The auth context missing usually means that the middleware isn't installed for that route.

[sean-clarke]

I've updated my above comment to include the full main.rs, and the error

[maxcountryman]

Are you able to share your routes as well? The error is about the middleware not being present.

Edit: Oh I see it's in your main.rs. I'll try to take a closer look.

[maxcountryman]

All right, so I'm not going to be able to run your code directly since there's a few missing dependencies and modules internal to your project.

That said, I tried my best to replicate your situation with the SQLite example.

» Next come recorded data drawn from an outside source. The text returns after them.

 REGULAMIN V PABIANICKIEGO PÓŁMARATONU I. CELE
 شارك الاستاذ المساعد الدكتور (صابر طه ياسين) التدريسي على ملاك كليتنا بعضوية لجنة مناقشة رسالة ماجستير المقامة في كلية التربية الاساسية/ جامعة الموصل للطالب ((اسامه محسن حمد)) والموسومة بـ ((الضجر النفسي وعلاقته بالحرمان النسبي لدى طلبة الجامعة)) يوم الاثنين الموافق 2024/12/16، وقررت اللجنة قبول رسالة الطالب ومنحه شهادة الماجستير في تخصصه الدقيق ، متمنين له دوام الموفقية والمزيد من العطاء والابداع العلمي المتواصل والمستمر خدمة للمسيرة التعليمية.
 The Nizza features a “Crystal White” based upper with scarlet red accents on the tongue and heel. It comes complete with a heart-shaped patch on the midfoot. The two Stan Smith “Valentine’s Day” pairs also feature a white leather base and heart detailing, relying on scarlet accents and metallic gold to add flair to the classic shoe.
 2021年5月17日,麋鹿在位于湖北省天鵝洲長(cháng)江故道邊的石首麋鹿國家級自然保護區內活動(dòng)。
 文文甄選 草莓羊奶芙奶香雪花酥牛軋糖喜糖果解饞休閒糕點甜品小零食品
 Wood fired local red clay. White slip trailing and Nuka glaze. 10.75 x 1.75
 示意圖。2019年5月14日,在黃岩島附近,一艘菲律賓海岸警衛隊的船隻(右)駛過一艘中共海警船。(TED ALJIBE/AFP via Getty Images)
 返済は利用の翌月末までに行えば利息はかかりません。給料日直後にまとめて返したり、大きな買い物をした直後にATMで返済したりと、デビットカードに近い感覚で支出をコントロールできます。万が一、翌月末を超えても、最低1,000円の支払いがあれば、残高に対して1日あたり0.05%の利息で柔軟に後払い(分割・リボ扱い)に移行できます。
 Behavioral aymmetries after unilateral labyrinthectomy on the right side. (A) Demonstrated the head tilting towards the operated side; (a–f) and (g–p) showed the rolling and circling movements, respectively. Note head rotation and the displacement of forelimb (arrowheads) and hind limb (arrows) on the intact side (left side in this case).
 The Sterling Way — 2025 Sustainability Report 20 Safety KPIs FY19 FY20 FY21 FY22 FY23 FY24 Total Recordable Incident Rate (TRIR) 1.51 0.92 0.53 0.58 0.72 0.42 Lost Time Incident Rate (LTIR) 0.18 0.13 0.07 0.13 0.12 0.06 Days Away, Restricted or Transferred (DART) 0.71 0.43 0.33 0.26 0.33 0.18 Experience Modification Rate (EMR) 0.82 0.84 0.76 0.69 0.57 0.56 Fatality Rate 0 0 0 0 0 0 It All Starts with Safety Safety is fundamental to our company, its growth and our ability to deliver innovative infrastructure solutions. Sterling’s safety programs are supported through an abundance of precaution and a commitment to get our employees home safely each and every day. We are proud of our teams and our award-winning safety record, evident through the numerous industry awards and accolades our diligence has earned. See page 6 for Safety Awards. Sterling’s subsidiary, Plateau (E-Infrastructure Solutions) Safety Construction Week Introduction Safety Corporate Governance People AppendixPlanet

Here's the diff in case you'd like to see (you'll also have to modify the user_store.db with the role column):

diff --git a/examples/sqlite/src/main.rs b/examples/sqlite/src/main.rs
index 565e23e..0e84e3a 100644
--- a/examples/sqlite/src/main.rs
+++ b/examples/sqlite/src/main.rs
@@ -8,19 +8,26 @@ use axum::{response::IntoResponse, routing::get, Extension, Router};
 use axum_login::{
     axum_sessions::{async_session::MemoryStore, SessionLayer},
     secrecy::SecretVec,
-    AuthLayer, AuthUser, RequireAuthorizationLayer, SqliteStore,
+    AuthLayer, AuthUser, RequireAuthorizationLayer,
 };
 use rand::Rng;
 use sqlx::sqlite::SqlitePoolOptions;
 
-#[derive(Debug, Default, Clone, sqlx::FromRow)]
+#[derive(Clone, Debug, PartialEq, PartialOrd, sqlx::Type)]
+pub enum UserRole {
+    Standard,
+    Admin,
+}
+
+#[derive(Debug, Clone, sqlx::FromRow)]
 struct User {
     id: i64,
     password_hash: String,
     name: String,
+    role: UserRole,
 }
 
-impl AuthUser for User {
+impl AuthUser<UserRole> for User {
     fn get_id(&self) -> String {
         format!("{}", self.id)
     }
@@ -28,9 +35,14 @@ impl AuthUser for User {
     fn get_password_hash(&self) -> SecretVec<u8> {
         SecretVec::new(self.password_hash.clone().into())
     }
+
+    fn get_role(&self) -> Option<UserRole> {
+        Some(self.role.clone())
+    }
 }
 
-type AuthContext = axum_login::extractors::AuthContext<User, SqliteStore<User>>;
+type SqliteStore = axum_login::SqliteStore<User, UserRole>;
+type AuthContext = axum_login::extractors::AuthContext<User, SqliteStore, UserRole>;
 
 #[tokio::main]
 async fn main() {
@@ -44,8 +56,8 @@ async fn main() {
         .await
         .unwrap();
 
-    let user_store = SqliteStore::<User>::new(pool);
-    let auth_layer = AuthLayer::new(user_store, &secret);
+    let user_store = SqliteStore::new(pool);
+    let auth_layer = AuthLayer::<SqliteStore, User, UserRole>::new(user_store, &secret);
 
     async fn login_handler(mut auth: AuthContext) {
         let pool = SqlitePoolOptions::new()
@@ -71,7 +83,7 @@ async fn main() {
 
     let app = Router::new()
         .route("/protected", get(protected_handler))
-        .route_layer(RequireAuthorizationLayer::<User>::login())
+        .route_layer(RequireAuthorizationLayer::<User, UserRole>::login())
         .route("/login", get(login_handler))
         .route("/logout", get(logout_handler))
         .layer(auth_layer)
diff --git a/examples/sqlite/user_store.db b/examples/sqlite/user_store.db
index d26f080..f0b7743 100644
Binary files a/examples/sqlite/user_store.db and b/examples/sqlite/user_store.db differ

In your example, this line seems to be missing something:

type AuthContext = axum_login::extractors::AuthContext<User, PostgresStore<User>, UserRole>;

The PostgresStore should also indicate the concrete role type because otherwise it will default to the unit type. Does changing that line address the issue for you?